■ TO DO ■
Nothing but the lines from the start of the entries through the line containing "Semakan mStar menerusi" should appear in the answer, each given exactly.

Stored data

----

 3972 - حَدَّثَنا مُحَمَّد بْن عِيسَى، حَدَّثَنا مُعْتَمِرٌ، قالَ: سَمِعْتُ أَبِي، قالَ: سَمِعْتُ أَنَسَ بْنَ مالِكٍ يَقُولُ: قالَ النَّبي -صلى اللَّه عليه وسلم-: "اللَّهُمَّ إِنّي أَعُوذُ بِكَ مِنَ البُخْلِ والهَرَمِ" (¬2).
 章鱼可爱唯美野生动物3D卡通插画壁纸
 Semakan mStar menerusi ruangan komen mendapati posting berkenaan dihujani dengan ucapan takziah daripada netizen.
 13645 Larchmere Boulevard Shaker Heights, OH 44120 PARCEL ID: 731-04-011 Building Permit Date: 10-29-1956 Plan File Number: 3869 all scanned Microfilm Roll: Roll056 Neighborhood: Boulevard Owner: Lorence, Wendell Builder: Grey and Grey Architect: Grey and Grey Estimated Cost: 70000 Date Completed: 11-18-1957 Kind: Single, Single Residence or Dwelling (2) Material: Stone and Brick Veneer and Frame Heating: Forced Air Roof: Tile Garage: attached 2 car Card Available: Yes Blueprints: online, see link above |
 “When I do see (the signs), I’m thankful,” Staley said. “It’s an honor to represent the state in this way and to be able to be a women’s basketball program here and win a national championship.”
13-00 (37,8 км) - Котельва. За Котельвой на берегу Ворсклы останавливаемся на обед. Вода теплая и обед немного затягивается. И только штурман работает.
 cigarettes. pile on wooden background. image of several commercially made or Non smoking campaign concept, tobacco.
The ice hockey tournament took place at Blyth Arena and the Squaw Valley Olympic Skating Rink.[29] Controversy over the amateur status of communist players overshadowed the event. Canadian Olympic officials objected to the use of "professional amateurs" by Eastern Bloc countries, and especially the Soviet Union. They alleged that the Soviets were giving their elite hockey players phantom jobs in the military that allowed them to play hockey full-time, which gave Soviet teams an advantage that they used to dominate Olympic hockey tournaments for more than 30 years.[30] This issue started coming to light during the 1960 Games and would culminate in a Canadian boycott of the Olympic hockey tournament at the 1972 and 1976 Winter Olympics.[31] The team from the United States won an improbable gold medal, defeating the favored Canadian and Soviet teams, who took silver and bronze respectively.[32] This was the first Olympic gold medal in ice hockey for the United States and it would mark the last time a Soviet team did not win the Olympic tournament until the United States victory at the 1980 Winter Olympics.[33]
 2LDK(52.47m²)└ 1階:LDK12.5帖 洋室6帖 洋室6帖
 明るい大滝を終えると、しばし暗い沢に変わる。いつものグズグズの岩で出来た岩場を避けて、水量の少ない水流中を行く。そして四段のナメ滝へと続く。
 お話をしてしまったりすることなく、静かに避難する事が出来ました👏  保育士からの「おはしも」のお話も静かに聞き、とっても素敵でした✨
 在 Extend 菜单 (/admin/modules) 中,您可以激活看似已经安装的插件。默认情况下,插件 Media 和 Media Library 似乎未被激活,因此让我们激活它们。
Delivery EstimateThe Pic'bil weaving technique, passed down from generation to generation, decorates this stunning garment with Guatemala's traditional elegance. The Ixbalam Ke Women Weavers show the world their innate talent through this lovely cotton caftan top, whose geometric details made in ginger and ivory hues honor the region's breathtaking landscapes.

----

■ SOLUTION TO THIS TASK ■
 3972 - حَدَّثَنا مُحَمَّد بْن عِيسَى، حَدَّثَنا مُعْتَمِرٌ، قالَ: سَمِعْتُ أَبِي، قالَ: سَمِعْتُ أَنَسَ بْنَ مالِكٍ يَقُولُ: قالَ النَّبي -صلى اللَّه عليه وسلم-: "اللَّهُمَّ إِنّي أَعُوذُ بِكَ مِنَ البُخْلِ والهَرَمِ" (¬2).
 章鱼可爱唯美野生动物3D卡通插画壁纸
 Semakan mStar menerusi ruangan komen mendapati posting berkenaan dihujani dengan ucapan takziah daripada netizen.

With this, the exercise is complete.